§ TASK DETAILS:
The required output is the stretch from the line containing "We just rescued" through the line containing "Chubby Pug Tuatung (No text) -LINEスタンプマニア" in the records below, unaltered and with no pictures.

BEGIN

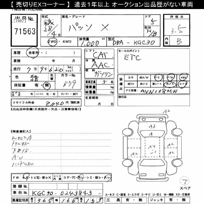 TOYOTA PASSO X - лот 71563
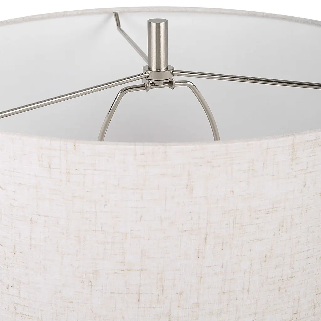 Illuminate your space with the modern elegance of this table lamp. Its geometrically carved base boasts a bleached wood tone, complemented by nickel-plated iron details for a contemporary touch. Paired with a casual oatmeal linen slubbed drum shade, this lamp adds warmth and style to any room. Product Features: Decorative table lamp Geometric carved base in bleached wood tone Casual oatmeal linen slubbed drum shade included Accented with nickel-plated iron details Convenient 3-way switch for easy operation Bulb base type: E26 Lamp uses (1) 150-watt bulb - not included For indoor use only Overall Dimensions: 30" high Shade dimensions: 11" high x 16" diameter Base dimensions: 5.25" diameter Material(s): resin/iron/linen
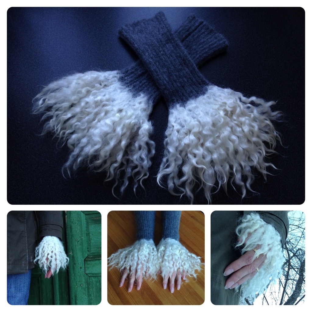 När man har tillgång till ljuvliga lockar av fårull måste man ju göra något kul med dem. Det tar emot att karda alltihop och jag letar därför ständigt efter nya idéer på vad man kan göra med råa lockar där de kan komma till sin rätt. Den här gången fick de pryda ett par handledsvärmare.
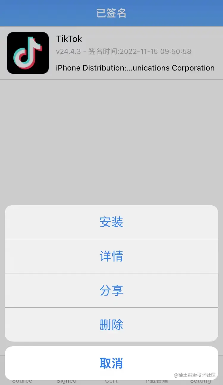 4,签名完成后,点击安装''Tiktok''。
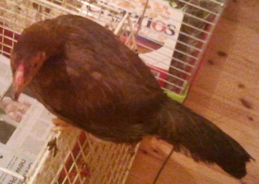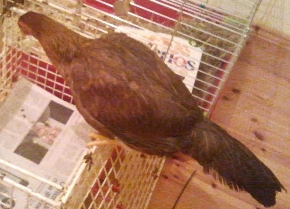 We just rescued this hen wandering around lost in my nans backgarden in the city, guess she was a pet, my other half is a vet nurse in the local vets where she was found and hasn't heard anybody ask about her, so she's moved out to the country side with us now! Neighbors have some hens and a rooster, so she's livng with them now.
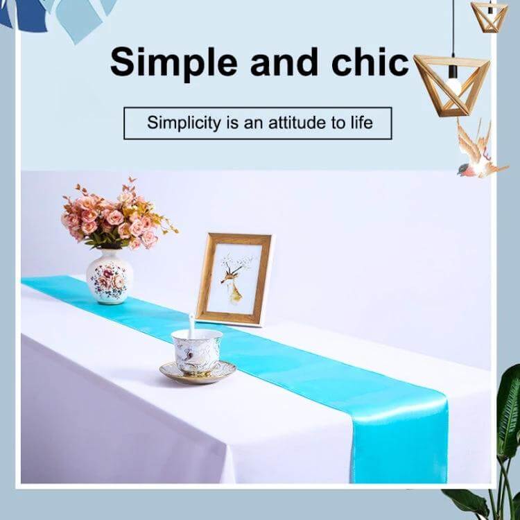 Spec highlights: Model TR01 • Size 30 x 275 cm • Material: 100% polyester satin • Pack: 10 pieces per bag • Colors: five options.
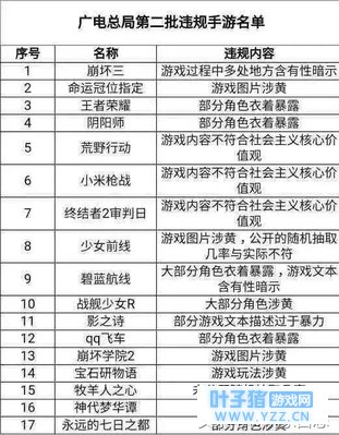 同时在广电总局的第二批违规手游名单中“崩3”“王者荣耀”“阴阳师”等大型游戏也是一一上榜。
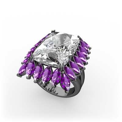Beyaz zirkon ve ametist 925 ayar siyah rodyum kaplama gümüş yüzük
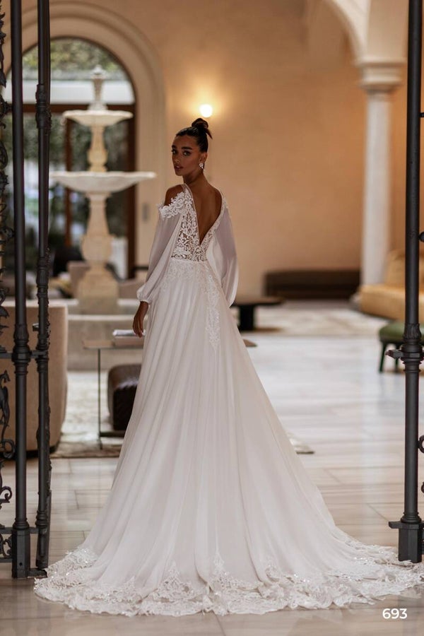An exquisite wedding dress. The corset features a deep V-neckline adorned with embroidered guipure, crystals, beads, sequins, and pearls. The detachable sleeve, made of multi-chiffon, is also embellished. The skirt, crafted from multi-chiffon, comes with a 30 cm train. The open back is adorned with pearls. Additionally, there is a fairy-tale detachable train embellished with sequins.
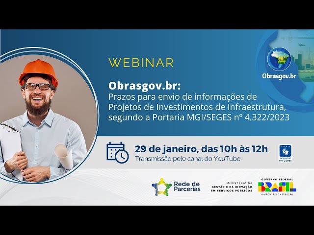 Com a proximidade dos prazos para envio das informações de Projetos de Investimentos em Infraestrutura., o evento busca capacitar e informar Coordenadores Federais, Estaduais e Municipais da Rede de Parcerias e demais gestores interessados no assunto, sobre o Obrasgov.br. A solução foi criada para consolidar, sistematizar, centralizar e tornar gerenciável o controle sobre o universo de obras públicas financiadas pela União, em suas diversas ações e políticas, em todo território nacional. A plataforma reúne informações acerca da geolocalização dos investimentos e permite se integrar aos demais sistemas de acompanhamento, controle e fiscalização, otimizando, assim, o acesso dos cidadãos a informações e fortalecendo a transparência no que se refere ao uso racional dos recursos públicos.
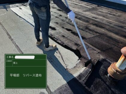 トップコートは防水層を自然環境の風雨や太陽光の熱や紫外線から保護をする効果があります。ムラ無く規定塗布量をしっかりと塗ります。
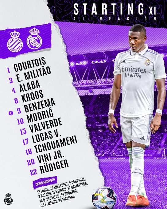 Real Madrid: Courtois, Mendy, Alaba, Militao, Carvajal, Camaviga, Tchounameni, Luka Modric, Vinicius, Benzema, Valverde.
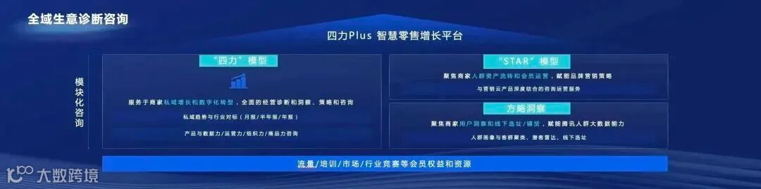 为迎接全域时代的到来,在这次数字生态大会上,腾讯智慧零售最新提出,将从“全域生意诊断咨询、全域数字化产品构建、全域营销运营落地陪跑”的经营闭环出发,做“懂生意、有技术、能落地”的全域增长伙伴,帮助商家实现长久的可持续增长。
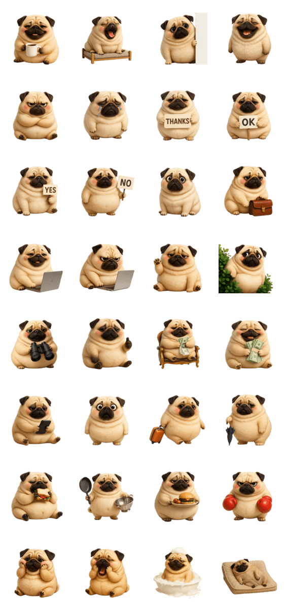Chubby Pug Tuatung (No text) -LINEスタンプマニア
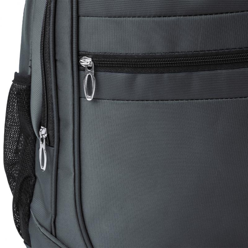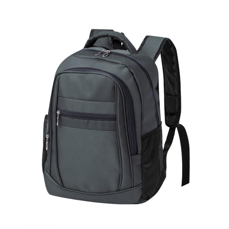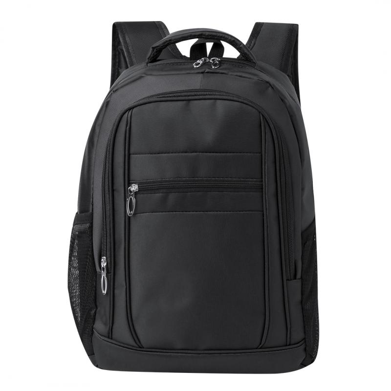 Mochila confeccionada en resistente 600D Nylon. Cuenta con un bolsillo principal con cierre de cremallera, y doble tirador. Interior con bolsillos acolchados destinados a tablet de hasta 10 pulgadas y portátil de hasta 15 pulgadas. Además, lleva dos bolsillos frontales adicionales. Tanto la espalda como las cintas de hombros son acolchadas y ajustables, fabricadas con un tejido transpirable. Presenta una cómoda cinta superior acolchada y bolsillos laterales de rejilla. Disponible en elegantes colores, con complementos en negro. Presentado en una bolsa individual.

END

§ ANSWER TO THE PROBLEM:
 We just rescued this hen wandering around lost in my nans backgarden in the city, guess she was a pet, my other half is a vet nurse in the local vets where she was found and hasn't heard anybody ask about her, so she's moved out to the country side with us now! Neighbors have some hens and a rooster, so she's livng with them now.
 Spec highlights: Model TR01 • Size 30 x 275 cm • Material: 100% polyester satin • Pack: 10 pieces per bag • Colors: five options.
 同时在广电总局的第二批违规手游名单中“崩3”“王者荣耀”“阴阳师”等大型游戏也是一一上榜。
Beyaz zirkon ve ametist 925 ayar siyah rodyum kaplama gümüş yüzük
An exquisite wedding dress. The corset features a deep V-neckline adorned with embroidered guipure, crystals, beads, sequins, and pearls. The detachable sleeve, made of multi-chiffon, is also embellished. The skirt, crafted from multi-chiffon, comes with a 30 cm train. The open back is adorned with pearls. Additionally, there is a fairy-tale detachable train embellished with sequins.
 Com a proximidade dos prazos para envio das informações de Projetos de Investimentos em Infraestrutura., o evento busca capacitar e informar Coordenadores Federais, Estaduais e Municipais da Rede de Parcerias e demais gestores interessados no assunto, sobre o Obrasgov.br. A solução foi criada para consolidar, sistematizar, centralizar e tornar gerenciável o controle sobre o universo de obras públicas financiadas pela União, em suas diversas ações e políticas, em todo território nacional. A plataforma reúne informações acerca da geolocalização dos investimentos e permite se integrar aos demais sistemas de acompanhamento, controle e fiscalização, otimizando, assim, o acesso dos cidadãos a informações e fortalecendo a transparência no que se refere ao uso racional dos recursos públicos.
 トップコートは防水層を自然環境の風雨や太陽光の熱や紫外線から保護をする効果があります。ムラ無く規定塗布量をしっかりと塗ります。
 Real Madrid: Courtois, Mendy, Alaba, Militao, Carvajal, Camaviga, Tchounameni, Luka Modric, Vinicius, Benzema, Valverde.
 为迎接全域时代的到来,在这次数字生态大会上,腾讯智慧零售最新提出,将从“全域生意诊断咨询、全域数字化产品构建、全域营销运营落地陪跑”的经营闭环出发,做“懂生意、有技术、能落地”的全域增长伙伴,帮助商家实现长久的可持续增长。
Chubby Pug Tuatung (No text) -LINEスタンプマニア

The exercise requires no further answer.